Politics

MEP Jakovčić Reported to Anti-Fraud Office

By 10 September 2018

ZAGREB, September 10, 2018 - The opposition Živi Zid party said on Monday it had reported the Istrian Democratic Party's (IDS) Member of the European Parliament Ivan Jakovčić to the European Anti-Fraud Office (OLAF) for receiving fees as a member of the Afarak company's supervisory board during his term as an MEP.

Živi Zid secretary general Tihomir Lukanić told reporters the party decided to report Jakovčić after media claims that he received fees both as a member and chairman of the supervisory board of Afarak, a company Lukanić said was owned by a man who presented himself as one of the strategic partners of the Uljanik shipbuilding group.

Lukanić said the party reported Jakovčić because he did not declare either the sources or amounts of his fees. "We expect OLAF to conduct an investigation and contact us... and we will inform the public," he added.

Damir Gruenbaum, an Istrian County councillor, called out Jakovčić for preferential treatment, nepotism and clientelism in the county and said he controlled a majority of the media.

"The Afarak company for which Mr Jakovčić lobbied is involved in the Paradise Papers affair in Panama where it was discovered in offshore data bases that Mr Končar doesn't own 30% of Afarak, as he said in Finland, but 70%. Finland's tax authority automatically wanted to make him pay 200 million euro to small shareholders.

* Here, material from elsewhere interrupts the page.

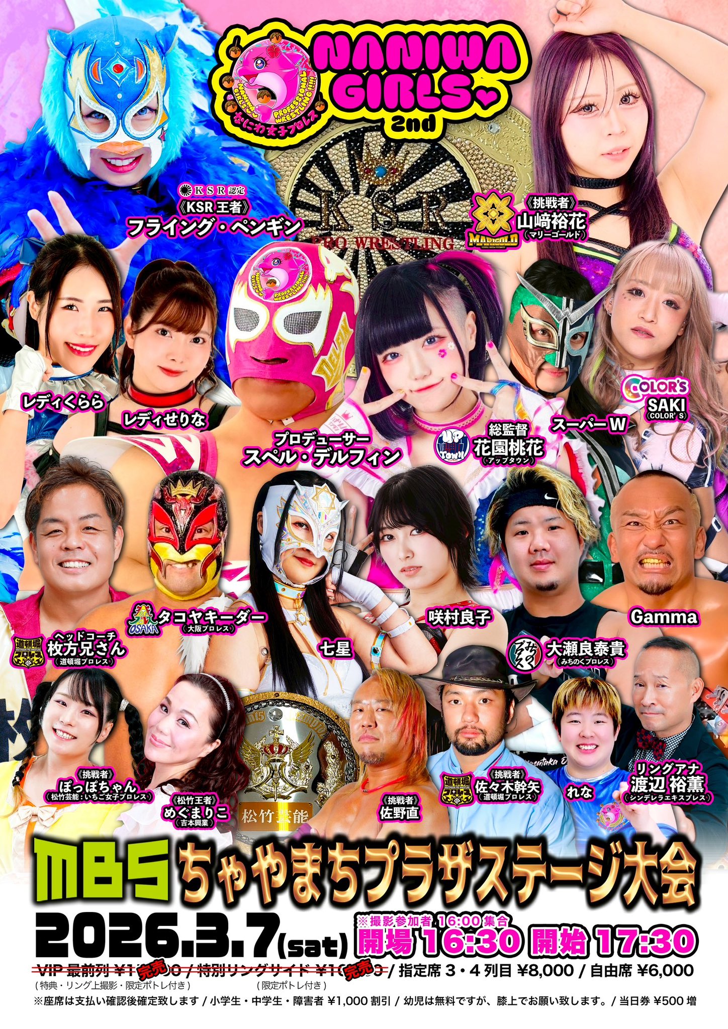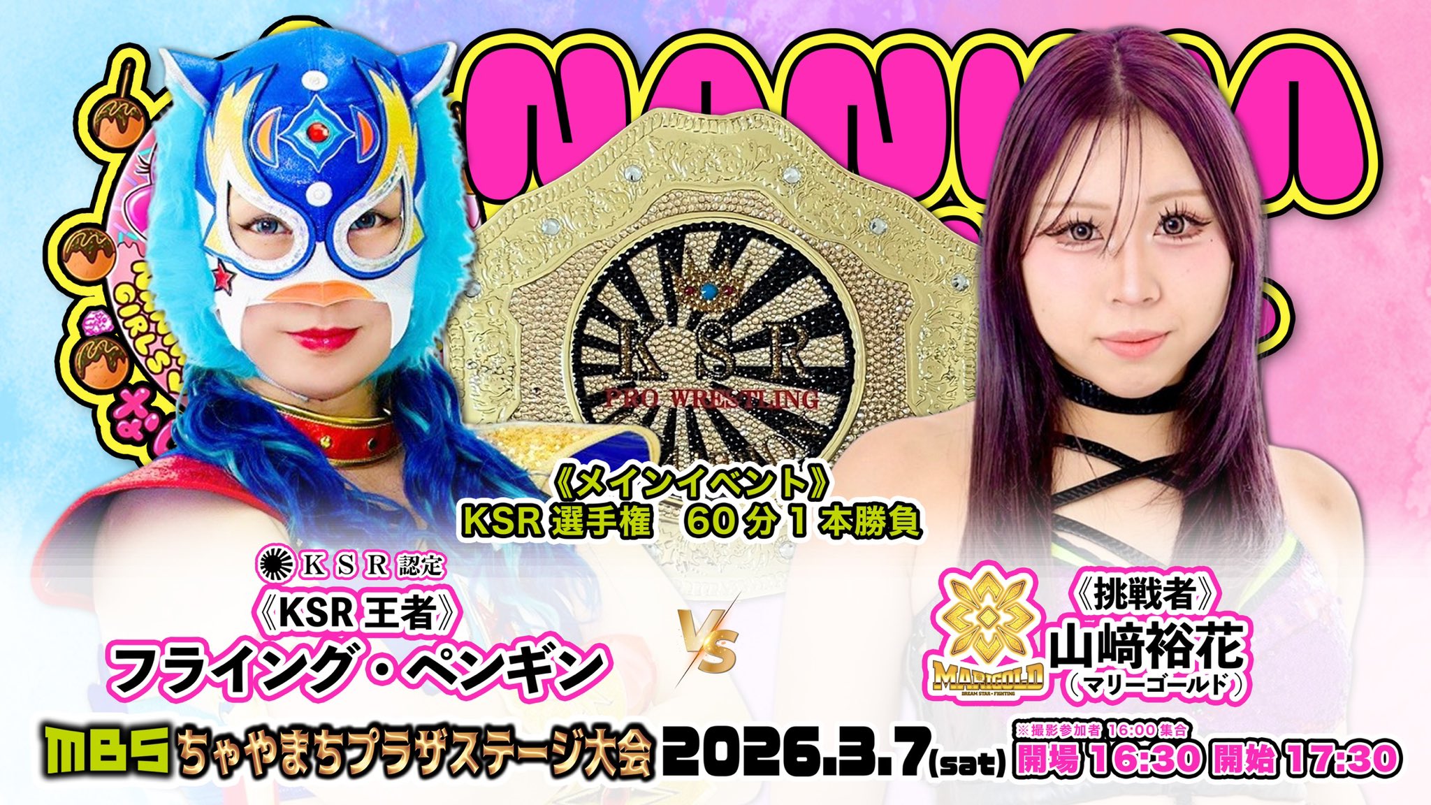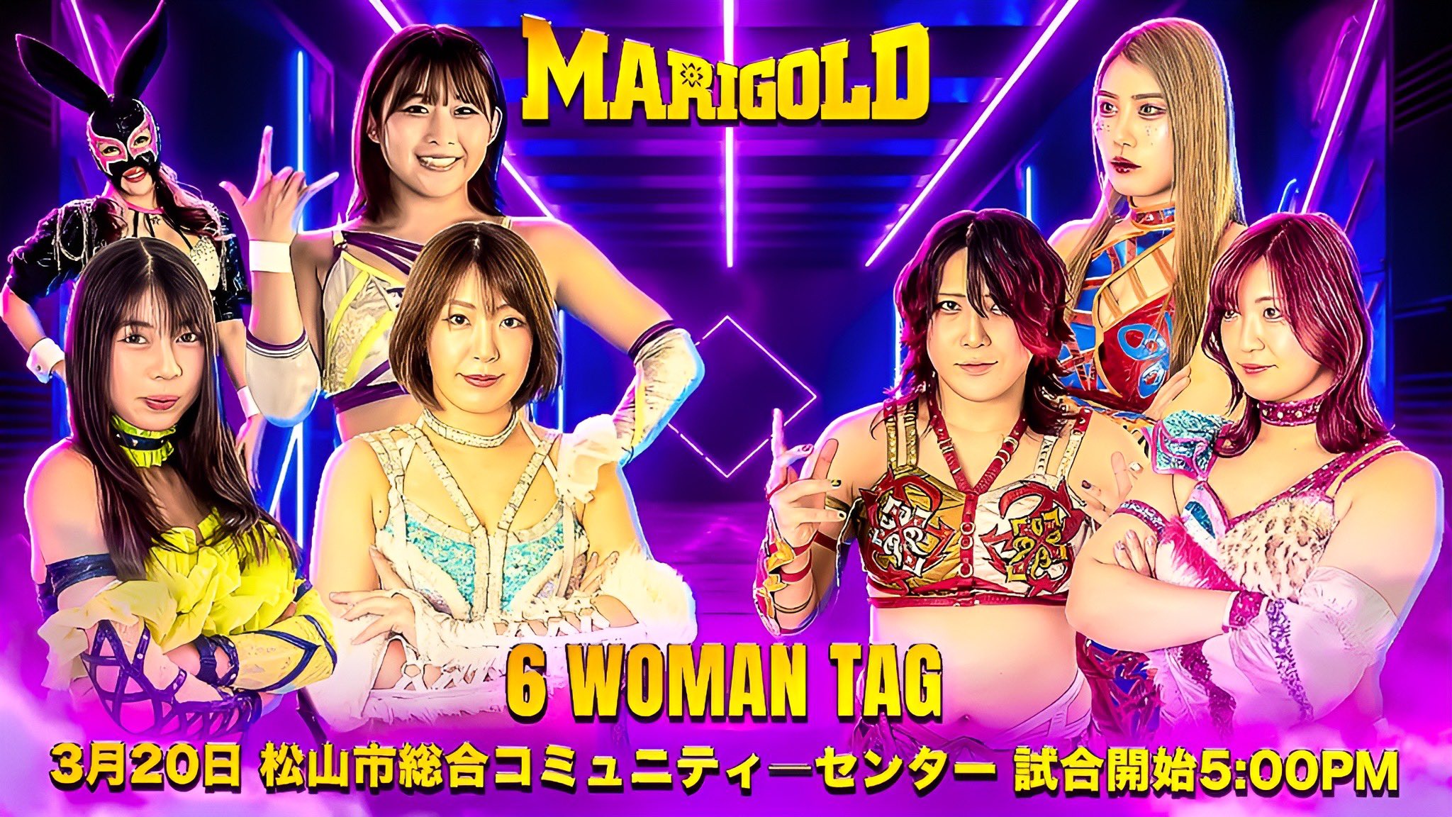 3/7 Naniwa Joshi @ MBS Chayamachi Plaza>KSR Championship: Flying Penguin (c) vs Yuuka Yamazaki >Ryoko Sakimura, Super Delfin, & Super W vs Nanase, Takoyakida, & Brother Hirakata>MARIGOLD Spring Victory Series 20263/8 Nagoya Chukyo Hall (1:00pm)>Mayu Iwatani, Victoria Yuzuki, & Komomo Minami vs Utami Hayashishita, Chika Goto, & Nagisa Tachibana>Trial of 7 Battles #1: SYOKO Koshino vs Miku Aono>Mai Sakurai, Natsumi Showzuki, & Erina Yamanaka vs Seri Yamaoka, Shinno, & Yuuka Yamazaki>Kouki Amarei & Hummingbird vs CHIAKI & Nagisa Nozaki>Nao Ishikawa & Megaton vs Misa Matsui & Rea Seto3/9 Universe Magic 2026 @ Shinjuku FACE (Live @ 7:00pm)>Universe Mix Magic 6-Woman: Marigold, Sendai Girls, & Marvelous vs Marigold, Sendai Girls, & Marvelous3/14 Korakuen (Live @ 11:30am)>3D Trios Championship: Mai Sakurai, Natsumi Showzuki, & Erina Yamanaka (c) vs Mayu Iwatani, Victoria Yuzuki, & Komomo Minami [1st champions, 1st defense]>FMW Independent World Junior Heavyweight Championship: Kushiro TOKYO JAPAN (c) vs Megaton 3/15 Chika Goto Homecoming @ Sunpearl Arakawa (1:00pm)3/20 Matsuyama City General Community Center (5:00pm)3/21 Osaka 176BOX (1:30pm)3/28 Shinjuku FACE (Live @ 12:00pm)3/29 Yasukuni Shrine Sumo Ring (12:00pm)4/3 INPEX Sakata Arena (6:30pm)4/4 Niigata City Higashi Ward Plaza (1:00pm)4/5 Wohlfahrt Toyama (1:00pm)4/11 Osaka 176BOX (1:00pm)4/12 Matsusaka City Heartful Mikumo (1:00pm)4/14 Shinjuku FACE (6:30pm)4/19 APA Hotel & Resort Sapporo (11:45am / 4:30pm)4/25 Korakuen (Live @ 11:30am)>Socialshttps://dsf-marigold.comhttps://x.com/DSF_Marigoldhttps://x.com/Marigold_Joshihttps://x.com/hashtag/pw_mghttps://www.instagram.com/dsf_marigold/https://www.youtube.com/@MARIGOLD-ho5nzWatch on Wrestle Universe (¥1,298 per month)https://www.wrestle-universe.com/en/marigold>Entrance musichttps://youtube.com/playlist?list=OLAK5uy_mz1s3xkNlFsMmySZlRdsEkxjj2isTVUEsPrevious >>19969593

He has appealed but appeals won't help him. He has also been fined 40 million euro for everything that happened," said Gruenbaum.

He said Končar had opened some 30 companies in Istria, all owned by companies from exotic countries, and that they were owned by Končar or his associates.

"The IDS has thoroughly connected everything since the '90s and Jakovčić's colleagues knew about everything he did," said Živi Zid president Ivan Vilibor Sinčić.

Jakovčić has recently announced he will not run for re-election as an MEP.